Un certain nombre d'emplois aidés font 30 heures pour un salaire de 850 euros. Ce qui est largement assez pour vivre.
Tout à fait d'accord. Je dirai même : cela pourrait être inférieur ! Il suffit de se nourrir de restes trouvés dans des poubelles, de camper dans la rue à même le sol, d'attendre la tombée de la pluie pour boire, et oups, le tour est joué !

Les gens qui y travaillent sont très contents d'y être, et si le turn over est important c'est tout simplement qu'il arrive que des gens ne soient pas dans l'esprit du journal ou qu'ils cessent d'y être.

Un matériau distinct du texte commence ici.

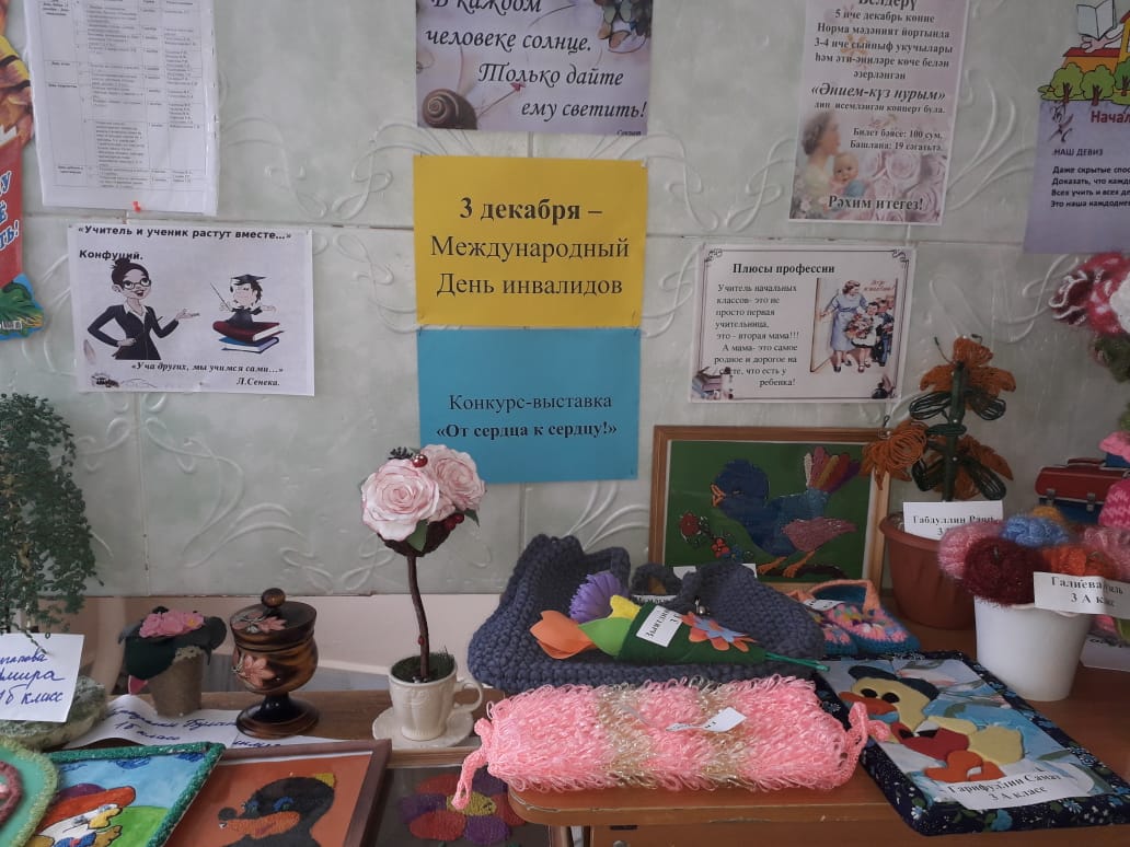 Опубликовано: 05.12.20183нче декабрь көнне башлангычлар атналыгы кысаларында «Йөрәктән йөрәккә” дип исемләнгән күргәзмә оештырылды. Башлангыч сыйныф укучылары мөмкинлекләре чикләнгән кешеләр өчен үз куллары белән бүләкләр әзерләделәр.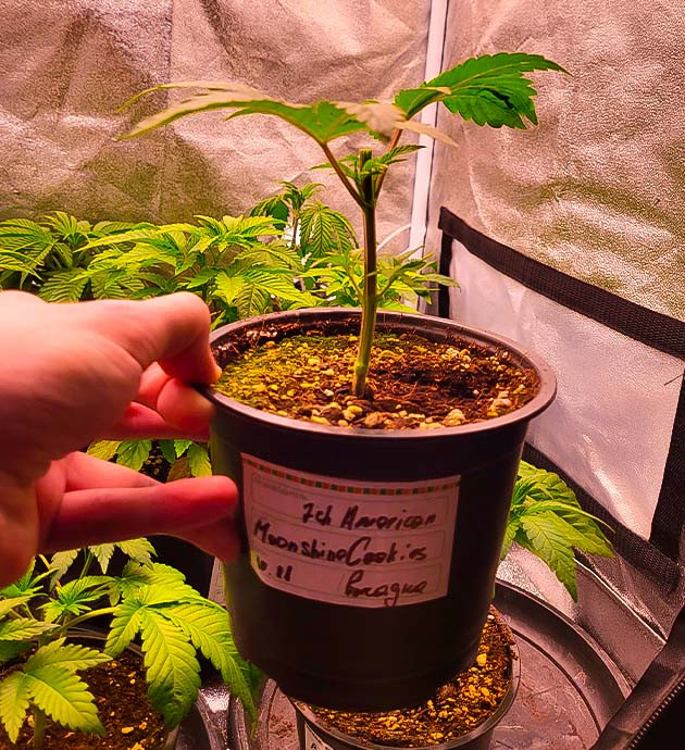 На восьмой неделе жизни растение было переведено на короткий световой день и питательные вещества для стимуляции цветения. Всю неделю наблюдалась хорошая динамика. Moonshine Cookies оказался самым высоким из своих собратьев. Куст имеет жесткий каркас из толстых крепких стеблей. Запаха пока что нет, но если потереть листочки или стебель, то можно почувствовать на пальцах приятный цитрусовый аромат, напоминающий мандариновую мякоть.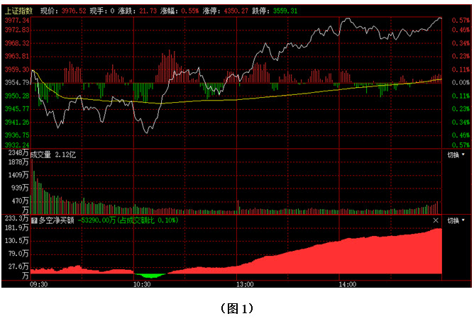 如图1所示,今日早间开盘后不久,大盘就出现下探,好在幅度不大,指数很快就在3940点附近获得支撑,并进行了一番震荡整固。10点45分左右,市场开始逐步向上回升,虽然接近3980点时,上方阻力有所显现,但大盘并未快速回落,而是基本保持在3970点上方,最终以3976点收盘。从下方的多空资金来看,早间开盘后,多方率先占据优势,可是资金进场并不流畅,盘中资金更是一度翻绿,但10点45分之后,随着大盘逐步回升,资金开始持续进场,多方力量越来越强。可见今日上午多空双方争夺还较为激烈,但到下午收盘时,多方优势已经十分明显。说明目前多数投资者的做多信心依然较足,所以即便大盘出现回落,场内也没有出现大面积恐慌。在这种情况下,空方就难以持续施压,行情回探往往较为温和,市场短期向上的趋势也就不会出现根本性改变,后市仍有继续上行的可能。故此建议大家在盘中不要盲目追涨杀跌,可关注近期资金明显以流入为主的个股,在行情震荡过程中逢低逐步吸纳。

Il est donc normal que le patron mette un terme à leur collaboration.
Là, encore, c'est une évidence ! Il ne manquerait plus que ces journaleux réclament de meilleures conditions de travail ! J'imagine aisément que, lors de leur départ, ils essuient une grosse larme, conscients de quitter le paradis du monde du travail et un salaire ô combien digne, n'en déplaise à toutes ces mauvaises langues !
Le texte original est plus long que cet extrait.